The rippers—they were coming, just like Matt had said. Soon she would see the rippers pouring over the low hills all around the property, all of them approaching from every direction. Thousands of them. Millions of them. Every ripper in the world.
She knew she needed to hit the target. If she couldn’t hit the target, then she wasn’t going to be able to hit the rippers when they came. But when she looked back at the target, it had changed. It wasn’t the silhouette of a man anymore, now it was the symbol for anarchy painted in bright red spray-paint—the letter A with a circle around it.
“Take your time, baby,” her mother said from behind her, only it wasn’t her mother’s voice anymore, now it was Doris’s voice. “You couldn’t save me, Wilma. I wanted you to help me, but you couldn’t save me.”
“I’m sorry,” Wilma whispered in the dream, still trying desperately to hit the anarchy symbol spray-painted on the hay bale.

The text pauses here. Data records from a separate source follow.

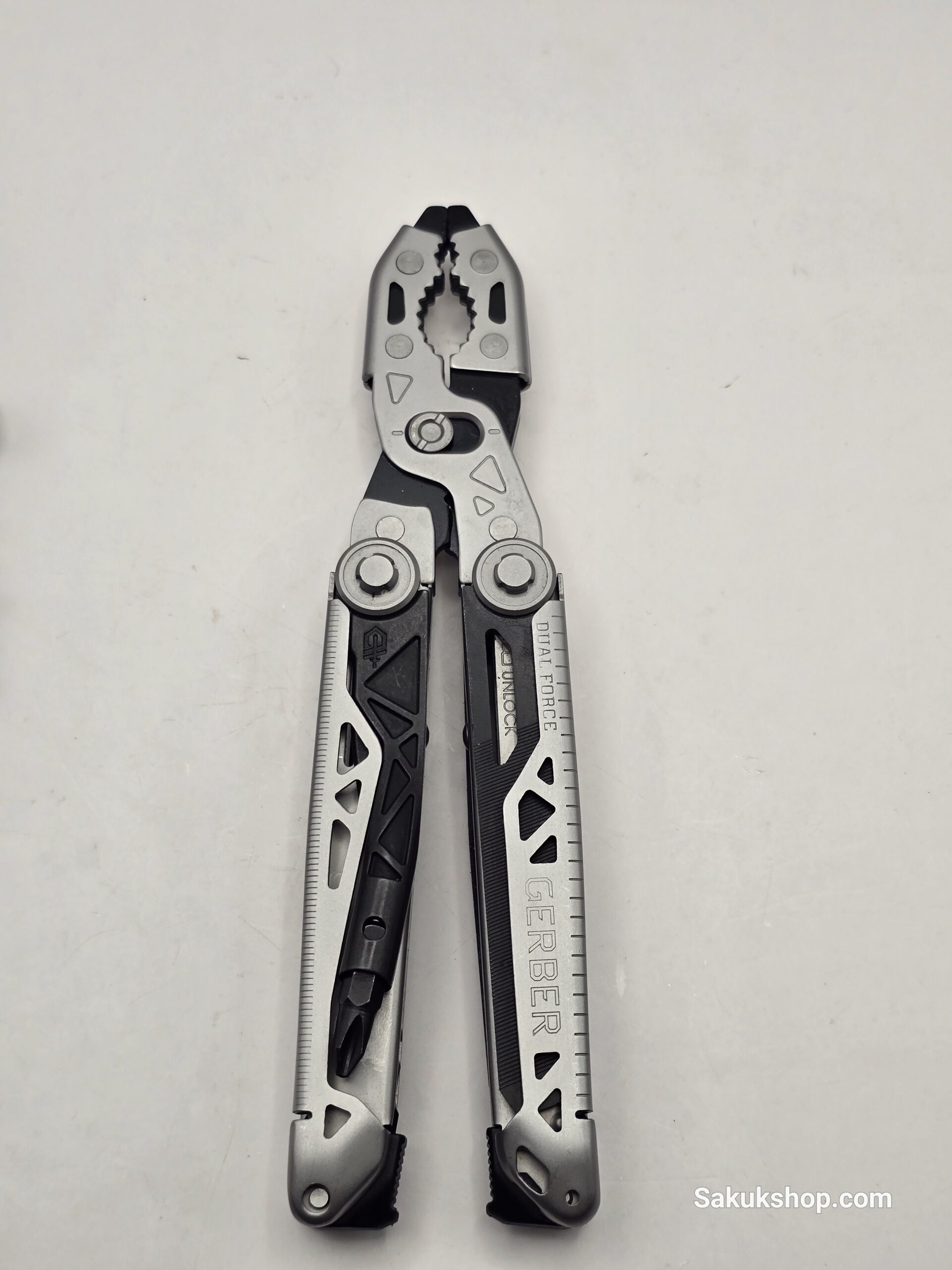The Gerber Dual-Force is a heavy-duty multi-tool designed for high-torque tasks, featuring adjustable 2-position slip-joint pliers with extra-large teeth. It includes a centered, full-size magnetic bit driver for maximum control and a layered construction for enhanced strength. Key tools include a plain-edge blade, saw, file, wire cutters/stripper, and additional bit
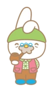 Grandpa is a white male rabbit character from the Japanese company Sanrio. He is My Melody's grandpa and Grandma's husband. Grandpa has white fur, a grey mustache, and a yellow oval nose. He wears a green and white plaid button down shirt, a red vest, brown pants, blue shoes, a green hat, and blue spectacles on the bridge of his nose. He smokes a brown pipe.
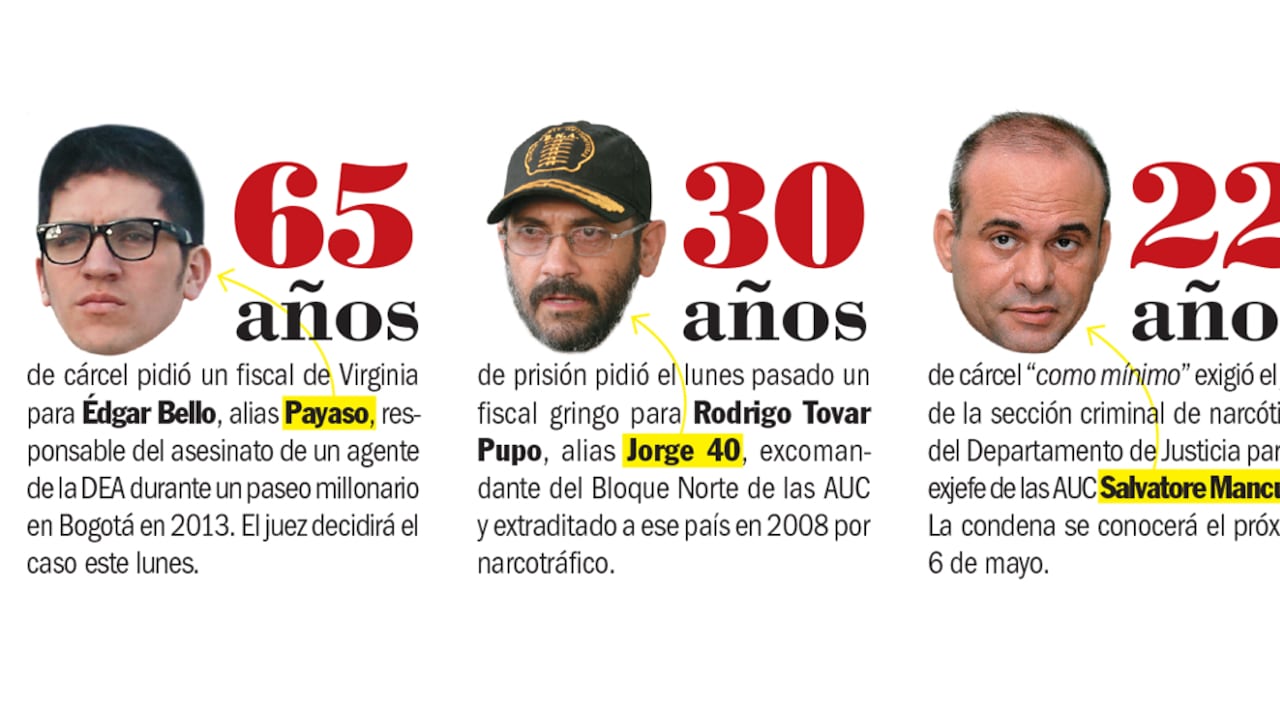 - 65 años de cárcel pidió un fiscal de Virginia para Édgar Bello, alias Payaso, responsable del asesinato de un agente de la DEA durante un paseo millonario en Bogotá en 2013. El juez decidirá el caso este lunes.

“They’re coming!” Matt yelled from right behind her. “The rippers are coming!”
“I know!” Wilma snapped back at him.
“But that’s not the worst thing,” her father told her. And now he sounded like he was right behind her, only inches away. His voice was right in her ear. She swore she could feel his breath on her skin and smell his aftershave. “There’s something worse coming. The Shadow Man is coming.”
She looked up at the hills in the distance and saw a line of people standing there, but these weren’t rippers, it was some kind of gang of men and women, all with weapons. And standing in front of them, shrouded in darkness, was a tall man wearing a black trench coat and a large floppy hat. His face was just a shadow, but she could see his eyes—they were shining like two pinpoints of light.